Initially, after the new policy, he and about two dozen others — fellow Rastafarians, Muslims, and a handful of others resisting “The Man” — were double-booked in tiny cells. They created a kind of fraternity, supporting each other, encouraging the youngest prisoners, sticking to vows of silence in the presence of guards, until all but Moochie finally agreed to haircuts and were released back into the general population.

Moochie resisted for seven years. His dreadlocks were that important to his spiritual growth. He didn’t cut them until we convinced him he’d otherwise have no chance of being paroled. Before we could, however, he became a different person.
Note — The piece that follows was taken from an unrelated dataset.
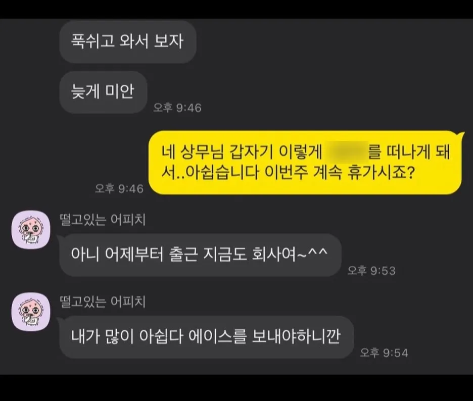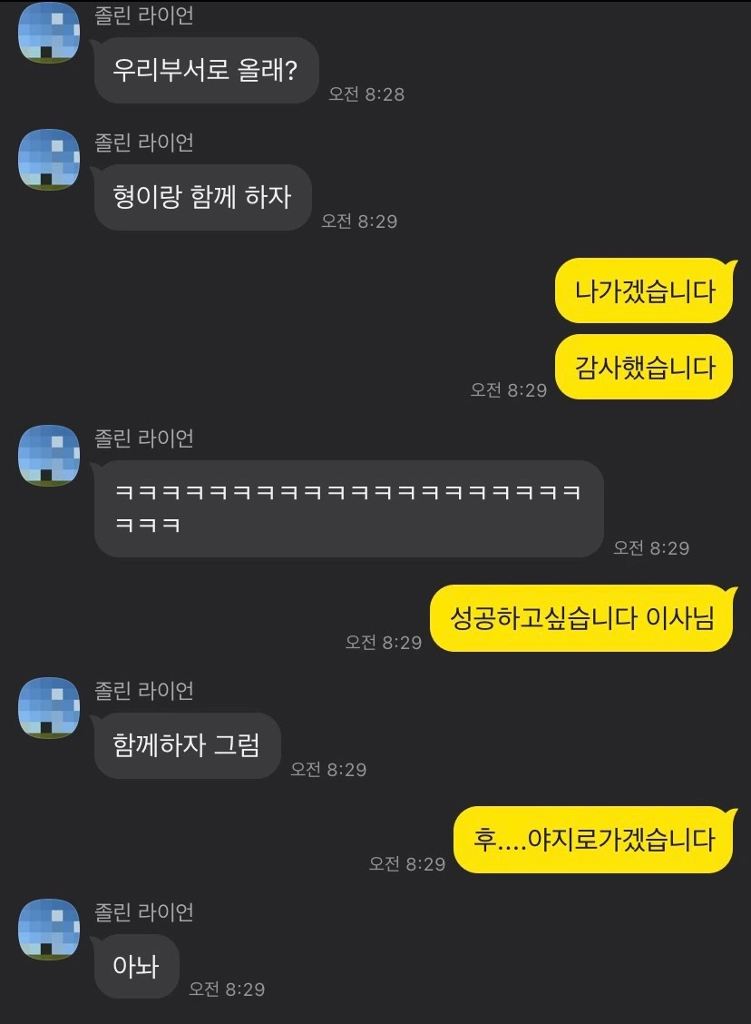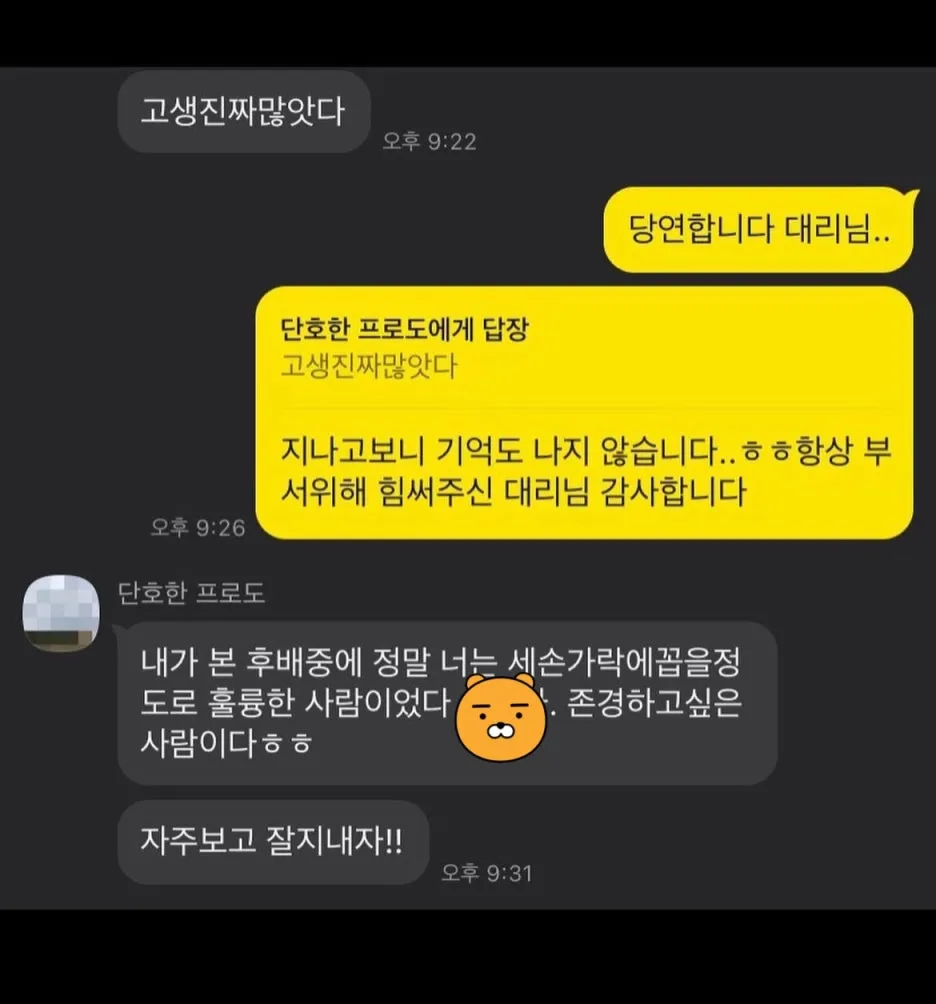 5년.. 5년.. 기성세대분들은 한 직장에서 평생을 근무하시던 분들도 많기에, 5년은 짧은 편이다. 그럼에도 특정 산업을 꽤나 깊이 있게 파고들고 그 사이 희로애락을 느끼기에는 충분한 시간이기도 하다. 힘들 때도 많았다. 높은 업무 강도로 악몽을 꿀정도로 스트레스가 심했던 시기도 있었고, 업 특성상 교활하고 비열한 적군/아군인척 하는 적군들을 상대하며 내상도 많이 입었다. 그럼에도 이 관계를 지금까지 끌고 온 것은, 전적으로 일이 적성에 맞았기 때문이다. 직장인들 사이에서 '자기가 하는 일이 잘 맞다'라고 이야기하는 것이 얼마나 담대한 발언인가. 다행히도 나는, 일이 적성에 맞았기에 재미를 느꼈고, 몰입하게 되니, 나름 또 너무 못나지 않은 사람이 됐다. 물론, 겉보기에는 우두한 일꾼 혹은 착실한 노예였을지도 모르겠지만, 스스로 만족하며 살았다. 더불어, 존경할만하고 배울 수 있는 선후배들과 함께였기에 또 많은 배움과 성장이 있었다. 또 그들로부터 격려와 인정을 받으며 회사생활을 했다는 것에 내심 혼자만의 자부심을 갖고 있다. 아래는 직장생활을 하며 부서를 옮기고 이직을 할 때 주고받은 대화들이다.

Guards became convinced he was a mute. My then-fiancée was taken aback by his strange affect when I was finally able to take her for a visit at the prison and watched him rock back and forth the entire time like a madman, communicating by furiously writing on small scraps of paper he had folded and refolded dozens of times.

He later told me he went in and out of “craziness,” which couldn’t be avoided even with his focus on reading and meditation.

Moochie’s last day in solitary confinement was nearly a decade and a half ago. He was released from prison in 2014 after 32 years. And yet, after all this time, I still notice his going in and out of that “craziness;” not violently, but psychically. His moods go from jovial or relaxed to impossibly passionate — generating a level of intensity that can intimidate the strongest strong man — at a moment’s notice, as though he is warding off demons that joined him in that darkness.

I am grateful he’s free. I’ve seen him grow, seen him begin to love again. And though I know his battle against the shadows that kept him company in solitary are not yet won, he is getting better, which heartens me. Still, I know solitary changed him, and me as well.

Issac Bailey is the author of “My Brother Moochie: Regaining Dignity in the Face of Crime, Poverty, and Racism in the American South” (Other Press, 2018) and a detailed account of his brother’s conviction and incarceration in The Marshall Project in 2016, “The Day My Brother Took a Life and Changed Mine Forever.”